TASK ITEM
After locating the line containing "Fonte: Adaptado de" in the entries below, please write out that line and the rest through the end exactly. Omit pictures.

DATASET RECORDS
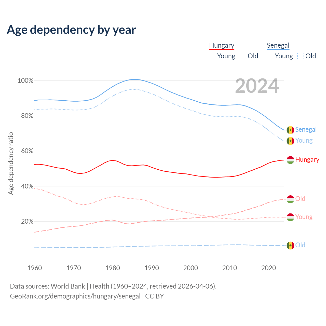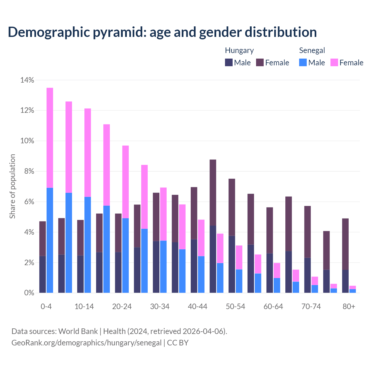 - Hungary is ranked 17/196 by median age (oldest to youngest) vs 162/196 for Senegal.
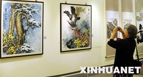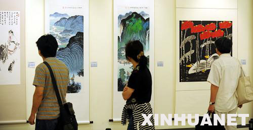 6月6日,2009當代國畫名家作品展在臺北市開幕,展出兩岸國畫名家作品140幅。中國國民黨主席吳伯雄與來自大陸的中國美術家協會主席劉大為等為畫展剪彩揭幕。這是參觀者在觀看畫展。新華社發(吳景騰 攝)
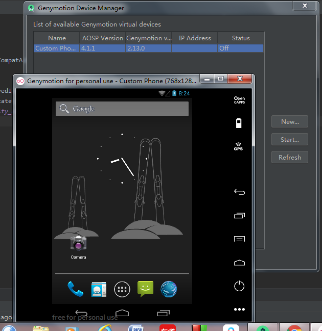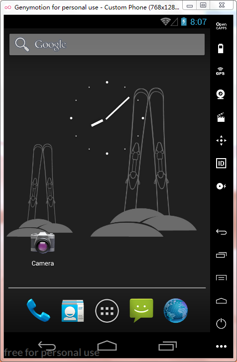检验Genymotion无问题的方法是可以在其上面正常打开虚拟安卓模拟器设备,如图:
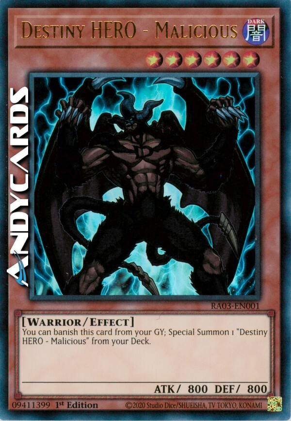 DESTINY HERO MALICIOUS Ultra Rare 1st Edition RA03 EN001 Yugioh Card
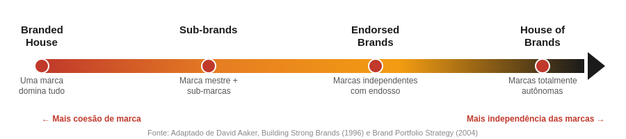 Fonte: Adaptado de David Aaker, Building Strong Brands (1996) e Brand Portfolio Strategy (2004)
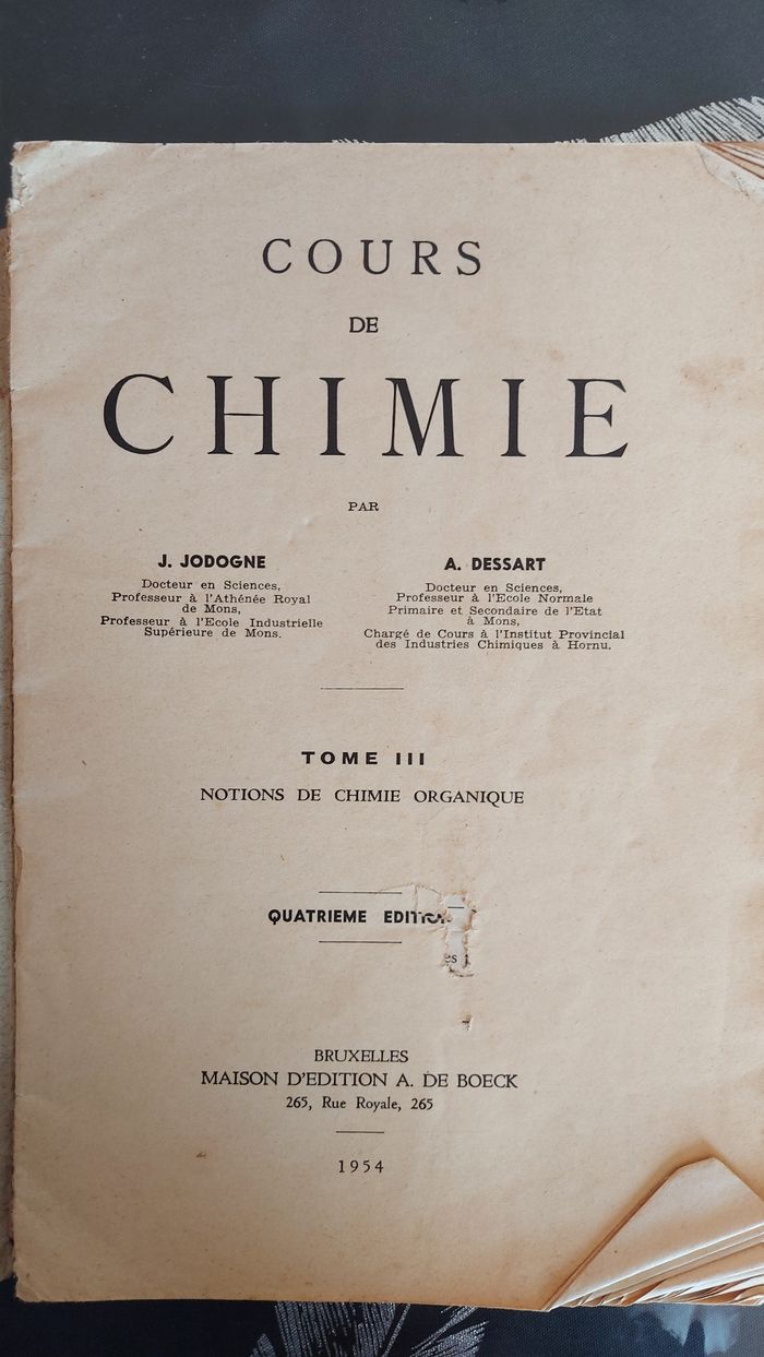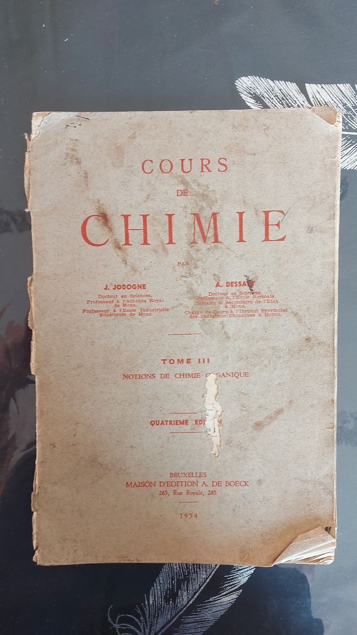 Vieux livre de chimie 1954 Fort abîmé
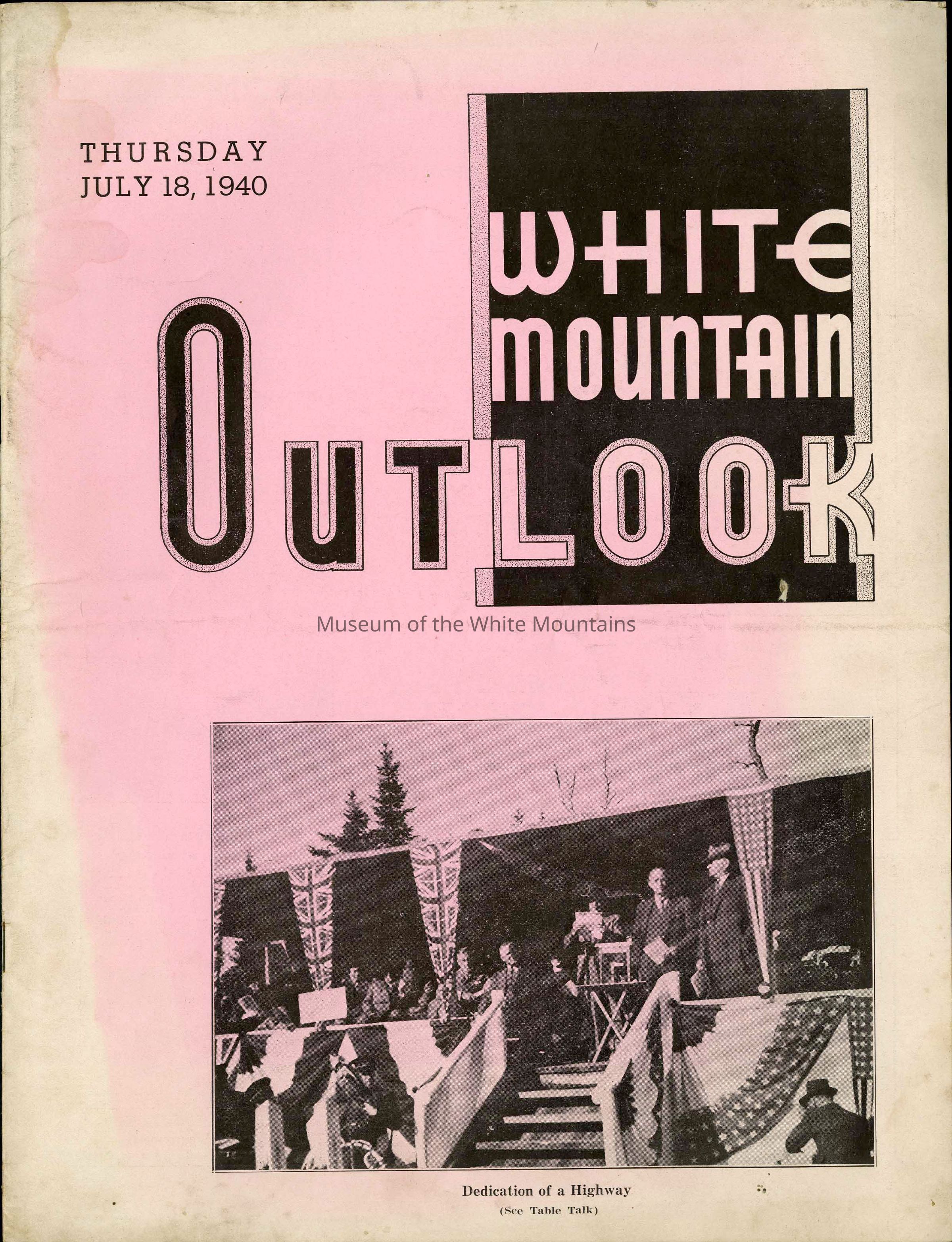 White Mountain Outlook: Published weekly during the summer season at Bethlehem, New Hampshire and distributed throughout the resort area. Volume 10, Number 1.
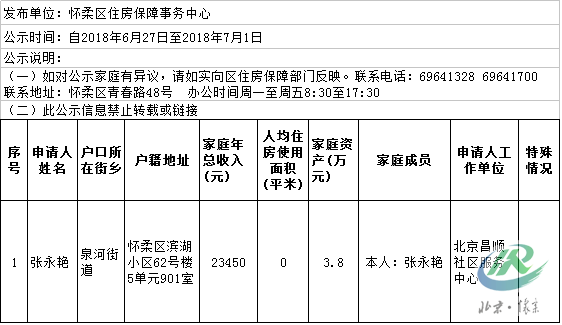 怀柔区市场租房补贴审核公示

YOUR RESPONSE
 Fonte: Adaptado de David Aaker, Building Strong Brands (1996) e Brand Portfolio Strategy (2004)
 Vieux livre de chimie 1954 Fort abîmé
 White Mountain Outlook: Published weekly during the summer season at Bethlehem, New Hampshire and distributed throughout the resort area. Volume 10, Number 1.
 怀柔区市场租房补贴审核公示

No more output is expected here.